I am new to Pytorch so I might have misunderstood. The three approaches don’t look equivalent to me. I did a bit test with the first two. Bascially to fit four 1s to 7 and difference is that the first script changes weights every step while the second every 5 steps.

import torch

import torch.nn as nn

torch.manual_seed(1)

model = nn.Sequential(

nn.Linear(4, 8, bias=False),

nn.ReLU(),

nn.Linear(8, 1, bias=False),

)

x = torch.ones(4)

y0 = torch.tensor(7.)

loss_fn = nn.MSELoss()

optimizer = torch.optim.Adam(model.parameters(), lr=0.01)

optimizer.zero_grad()

for i in range(200):

```
y = model(x)
loss = loss_fn(y, y0)
if loss.item() < 1e-5:
print(f'after {i} steps')
break
optimizer.zero_grad()
loss.backward()
optimizer.step()
```

print(‘y:’, y)

for label, value in model.state_dict().items():

print(label)

print(value)

after 126 steps

y: tensor([6.9988], grad_fn=)

0.weight

tensor([[ 0.8411, 0.3628, 0.4865, 0.8181],

[-0.4707, 0.2999, -0.1029, 0.2544],

[-0.0641, -0.1948, 0.0051, -0.1089],

[ 0.1826, -0.1949, -0.0365, -0.0450],

[ 0.6402, 0.5657, 1.0048, 0.7233],

[-0.1862, -0.3020, -0.0838, -0.2157],

[ 0.4406, 0.6248, 0.8989, 0.8726],

[-0.6859, 0.1128, -0.0575, 0.2771]])

2.weight

tensor([[ 0.8684, -0.3221, -0.2251, -0.1705, 0.9041, -0.0589, 0.7641, 0.0078]])

import torch

import torch.nn as nn

torch.manual_seed(1)

model = nn.Sequential(

nn.Linear(4, 8, bias=False),

nn.ReLU(),

nn.Linear(8, 1, bias=False),

)

x = torch.ones(4)

y0 = torch.tensor(7.)

loss_fn = nn.MSELoss()

optimizer = torch.optim.Adam(model.parameters(), lr=0.01)

optimizer.zero_grad()

for i in range(5000):

```
y = model(x)
loss = loss_fn(y, y0)
if loss.item() < 1e-5:
print(f'after {i} steps')
break
loss.backward()
if(i+1) % 5 == 0:
optimizer.step()
optimizer.zero_grad()
```

print(‘y:’, y)

for label, value in model.state_dict().items():

print(label)

print(value)

after 630 steps

y: tensor([6.9988], grad_fn=)

0.weight

tensor([[ 0.8411, 0.3628, 0.4865, 0.8181],

[-0.4707, 0.2999, -0.1029, 0.2544],

[-0.0641, -0.1948, 0.0051, -0.1089],

[ 0.1826, -0.1949, -0.0365, -0.0450],

[ 0.6402, 0.5657, 1.0048, 0.7233],

[-0.1862, -0.3020, -0.0838, -0.2157],

[ 0.4406, 0.6248, 0.8989, 0.8726],

[-0.6859, 0.1128, -0.0575, 0.2771]])

2.weight

tensor([[ 0.8684, -0.3221, -0.2251, -0.1705, 0.9041, -0.0589, 0.7641, 0.0078]])

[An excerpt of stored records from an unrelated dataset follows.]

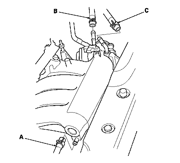 8. Connect the positive crankcase ventilation (PCV) hose (A), the evaporative emission (EVAP) canister hose (B), and the brake booster vacuum hose (C).
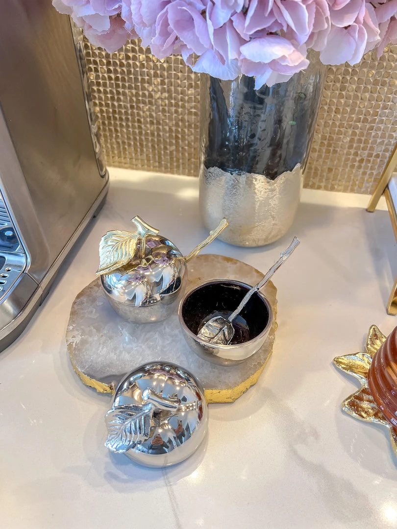 Description: This is the cutest little apple-shaped jar with a branch handled leaf spoon. Use for holding sugar or spices. Available in Silver and Gold and Silver. Individually priced.
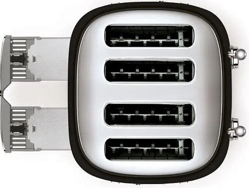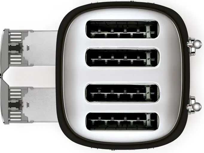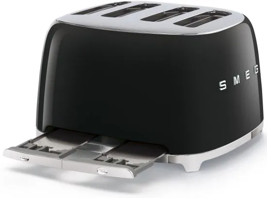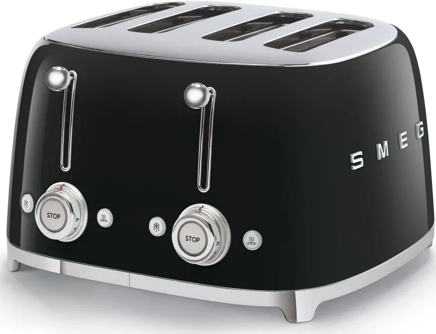 Тостер Smeg TSF03BLEU — модель на четыре слота из серии «стиль 50-х годов». Выполнен в черном цвете. Шесть уровней мощности обеспечивают оптимальное поджаривание для любого вида бутербродов и сендвичей. Две независимые панели управления позволяют настроить режимы для разных отделений.

As you can see, the first program converges five times faster than the second one. Result would be similar if I change input to random numbers. It seems to me with the second approach weights are updated using an average gradients. So the first approach is more efficient.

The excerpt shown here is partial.